Light snow fell on and off for most of the day and the thermometer revealed a 39° (F) reading as the high. It made for some sticky-snow plowing. On the drive home, anywhere that had been plowed had pretty much melted clear of snow and the roads were just wet. Our driveway had a thick accumulation covering it.

First things first. I needed to repair the broken cable from the Grizzly winch that lifts the plow blade. I had held off on the fix because I was intending to buy new cable. Searching online I discovered the existence of a short cable made to take the abuse of the constant up and down that occurs to lift the blade, and that they are available not just as metal, but fiberglass, too.

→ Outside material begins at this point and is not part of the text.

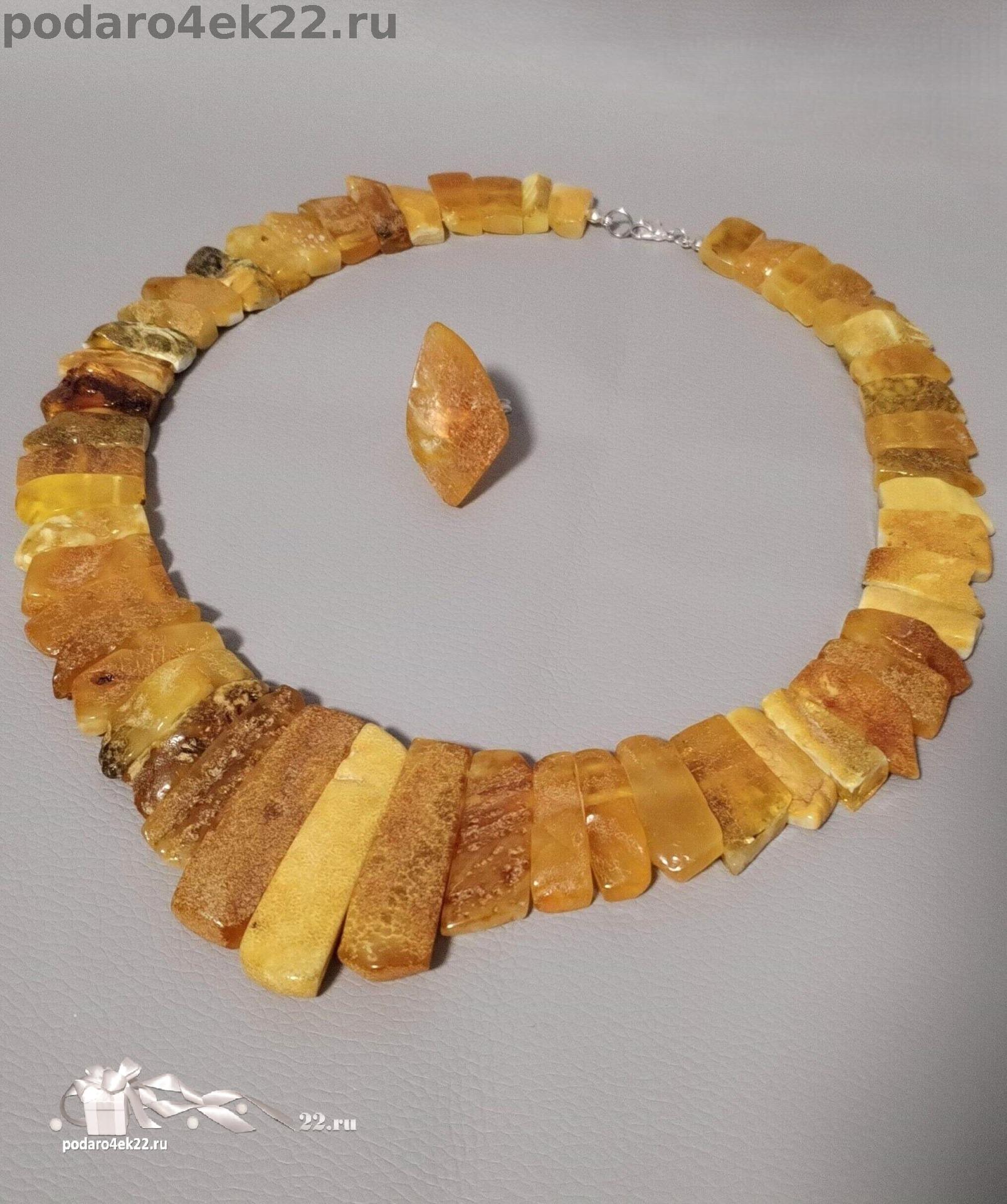 б-046. Колье и кольцо из лечебного королевского янтаря.

I like the thought of flexible fiber, but then my mind pictured the rollers on my well-used winch setup. The frequent broken strands on the abused cable have scuffed up the rollers a bit and they are getting rusty. I want new rollers if I’m going to get new cable and I haven’t had time to look into what that will take. I don’t know if I can even get the existing ones off without a fight.

Remember how much I struggled to remove the broken bolt on the hitch in back?

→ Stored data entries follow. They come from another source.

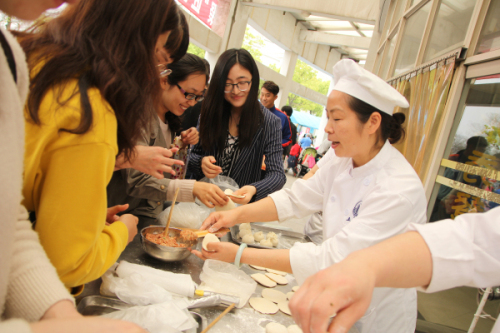 开幕式结束后,欧阳华副校长、宝山区绿化市容局副书记孟跃及部处领导观摩了在校南门广场开展的大场环卫现代化道路保洁设备路演活动。随后,大家来到水秀楼前参观优质服务月的大型展示展销活动。活动现场,精美实惠的菜肴、丰富多样的商品、绿色植物展销、环保节能宣传、爱心义卖、防校园贷宣传等,尤其是食堂门前与师生互动的现场点心制作教学吸引了众多师生的参与,现场气氛热烈,广受大家欢迎。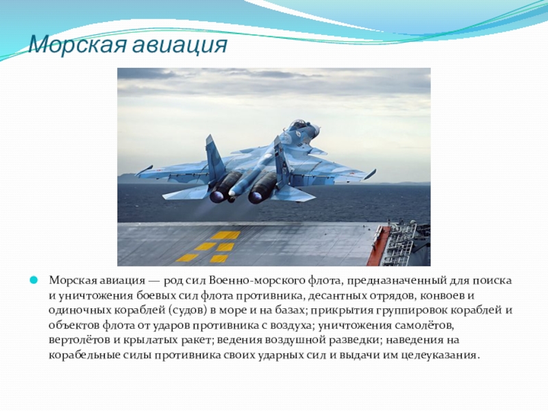 Морская авиация — род сил Военно-морского флота, предназначенный для поиска и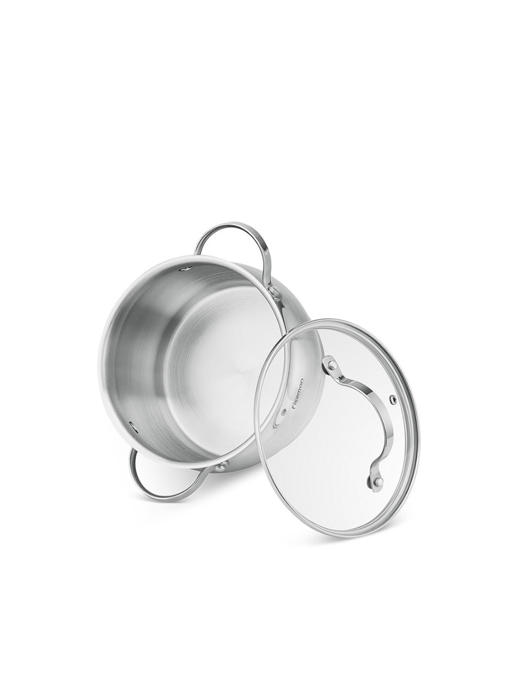 Кастрюля Fissman объёмом 1,9 л изготовлена из высококачественной пищевой нержавеющей стали 18/10. Трёхслойное дно с алюминиевым сердечником обеспечивает быстрый и равномерный прогрев, сохраняя тепло дольше. Стеклянная крышка позволяет контролировать процесс готовки без потери тепла и влаги. Эргономичные ручки остаются слегка тёплыми даже при нагреве.

So, the first order of business was to head down to the barn and remove the hook with the dangling fragment of cable still hanging on the plow blade. On my way past the shop, I grabbed the battery charger to hook up to the truck that was sitting in the middle of space needing to be plowed.

DSCN4331eI lucked out. My plan worked pretty much as I intended. I got the truck battery charging and then wrestled the blade out the narrow front door of the barn. It fought me a little bit when it came time to lay in the snow and put pins through precisely sized holes of the plow frame and the under carriage of the ATV, but I had a few extra curse words that hadn’t been used yet, so things balanced out.

It was definitely snowman snow, but I just rolled with it as it rolled off the blade in giant chunks. It was well after dark when I finished, but I got enough done that I am comfortable that we are ready for everything to freeze solid as it sits.

I was intent on making sure I was clearing the snow far enough beyond the edges to leave me space for the rest of the winter of plowing. Setting the edges at the beginning is the most important because it will freeze and form the solid boundary for the rest of the season.

I’m satisfied I took appropriate action and achieved that goal. The driveway is clean, the truck started for me and is now parked where I want it by the shop garage and everything looks like a perfect winter wonderland.

Bring on the Arctic cold blast.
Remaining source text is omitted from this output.